> GIVEN INFORMATION:

▬▬▬

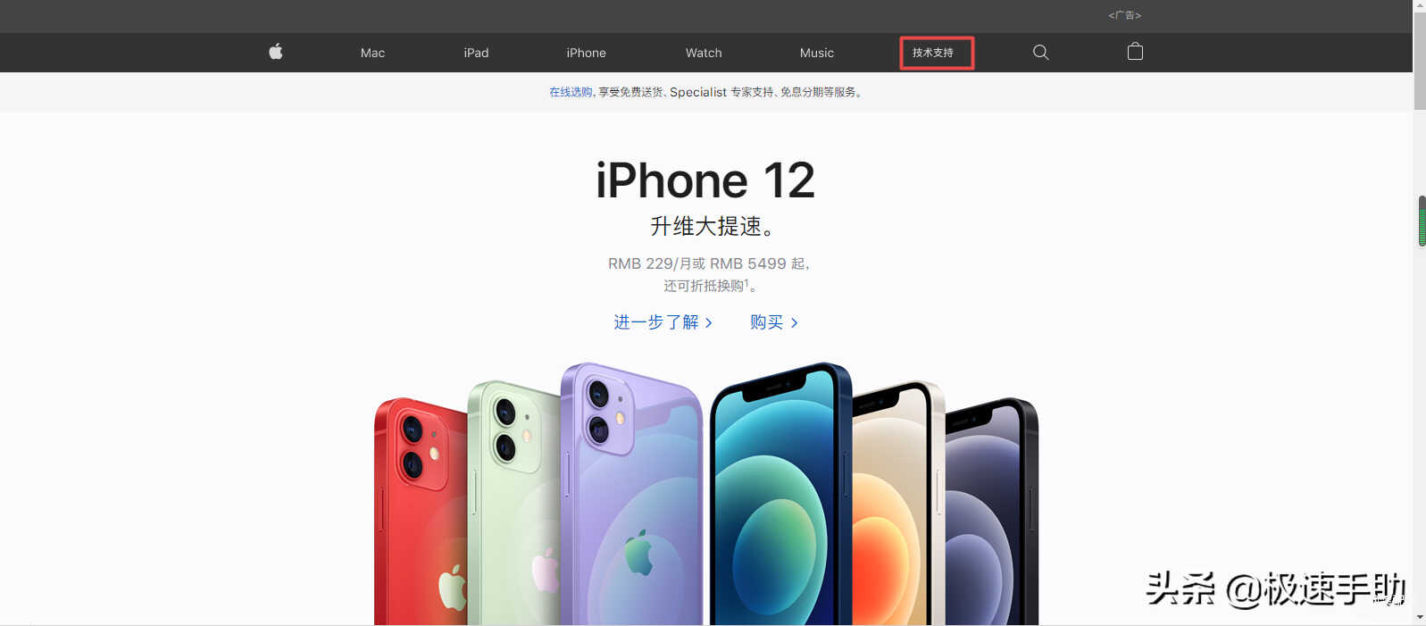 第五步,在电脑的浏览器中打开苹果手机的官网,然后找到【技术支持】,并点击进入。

▬▬▬

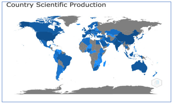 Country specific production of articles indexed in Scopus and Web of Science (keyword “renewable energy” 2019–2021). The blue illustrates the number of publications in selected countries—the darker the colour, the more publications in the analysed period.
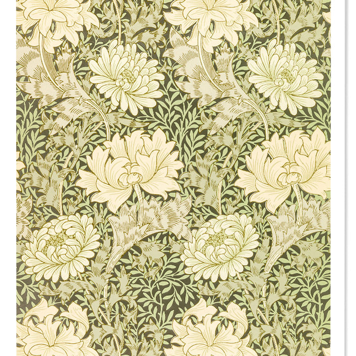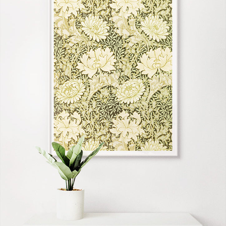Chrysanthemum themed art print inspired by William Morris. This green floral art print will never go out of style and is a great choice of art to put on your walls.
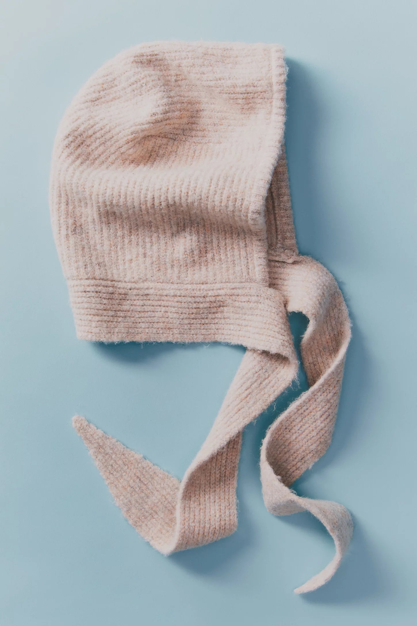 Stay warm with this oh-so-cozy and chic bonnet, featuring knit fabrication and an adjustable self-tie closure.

▬▬▬

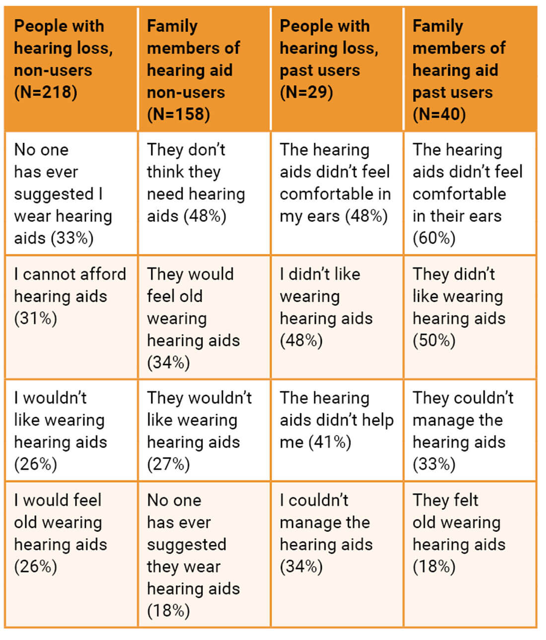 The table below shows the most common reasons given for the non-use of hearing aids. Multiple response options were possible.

▬▬▬

> WORK ORDER:
Leaving pictures out, output the lines of the data above from the one with "Chrysanthemum themed art" through the one with "Stay warm with", word for word.

> YOUR RESPONSE:
Chrysanthemum themed art print inspired by William Morris. This green floral art print will never go out of style and is a great choice of art to put on your walls.
 Stay warm with this oh-so-cozy and chic bonnet, featuring knit fabrication and an adjustable self-tie closure.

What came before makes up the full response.